After the generation of texts, images and 3D objects, a new kind of artificial intelligence is being developed. Called MusicLM, the model developed by Google would be able to create music independently. Researchers from the North American firm detailed their progress in a scientific article published on January 26, 2023 and relayed by TechCrunch.
Music in a few sentences
Without being the first AI model to claim to create music on demand, MusicLM seems however the most successful. This program would thus be able to generate coherent music for several minutes. To work, the tool only needs one piece of data: a textual description. With a simple phrase, it is then possible to create dedicated background music or a film melody, for example. The model would be much more advanced than its counterparts with high-level fidelity to user requests, as well as great audio quality, according to Google researchers.

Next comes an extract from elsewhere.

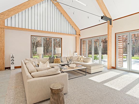 Nestled down a long private driveway in the heart of Sagaponack, 121 Northwest Path offers the ultimate Hamptons retreat, just moments from Bridgehampton and Sag Harbor Village amenities and pristine ocean and bay beaches. Designed for privacy and leisure, the estate welcomes you with a long, tree-lined approach, ample parking, and a three-car garage. A stone pathway leads to the striking light-filled entry, while the expansive bluestone patio and resort-style Gunite pool and spa invite seamless indoor-outdoor living. Entertain effortlessly on the covered porch with a full outdoor kitchen, or gather with friends around the fire pit on the lower deck as the sun sets over the surrounding landscape. Inside, architectural elegance meets coastal warmth. The first level is bathed in natural light, featuring walls of glass, a sculptural staircase, and soaring double-height ceilings. The chef's kitchen is a masterpiece, boasting a large center island with bar seating, dual sinks, Sub-Zero and Wolf appliances, a wine fridge, and an ice maker. A pass-through gas fireplace connects the formal dining area to the living room, where French doors open to the patio and pool. The primary suite offers a private sanctuary with a gas fireplace, dual walk-in closets, a luxurious spa bath, and direct access to the grounds and a private balcony. A guest suite, elegant powder room, and a laundry room add thoughtful convenience. Upstairs, a lofted office and recreation space overlook the main level and open to an expansive balcony, while three guest suites-including a junior primary with private balcony and walk-in closet-ensure comfort for all. The finished lower level continues the theme of relaxed sophistication, offering a spacious recreation room, theater, full bath, and an additional guest suite with private access to the lower deck and fire pit area. Combining bold architecture, refined finishes, and proximity to the best of Sagaponack, this property delivers timeless Hamptons luxury just minutes from beaches, boutiques, and award-winning dining.

For the occasion, the Mountain View company has set up a demonstration site. It is possible to listen to music generated virtually by MusicLM. Even if the hits are not worthy of a beatmaker beginner, the first examples are no less stunning.
To reproduce the soundtrack of an arcade game, the researchers gave only a few words to artificial intelligence: “The main soundtrack of an arcade game. It’s rhythmic and catchy with a catchy electric guitar riff. The music is repetitive and easy to remember, but with unexpected sounds, like cymbal hits or drum rolls.” A fairly well-produced piece, with a relative musicality over the length, is then generated for 30 s.
280,000 hours of music studied
MusicLM is able to produce music based solely on melodies that are hummed, sung, whistled or played on an instrument. An image/caption pair can even play a tune. To train the AI in deep learning, the researchers used a library of more than 280,000 h of music, training a broadly diverse database to generate songs that were both coherent and complex.
Only a few technical limitations were noted by the researchers. Thus, the model would misunderstand the negations within the text and would struggle to faithfully reproduce the user’s temporal instructions. For the future, the engineers plan to develop speech generation and improve AI text comprehension. Finally, these experts also aim to better slice the audio to more accurately produce an intro, verses, and chorus.
For now, Google does not provide a public release date for MusicLM.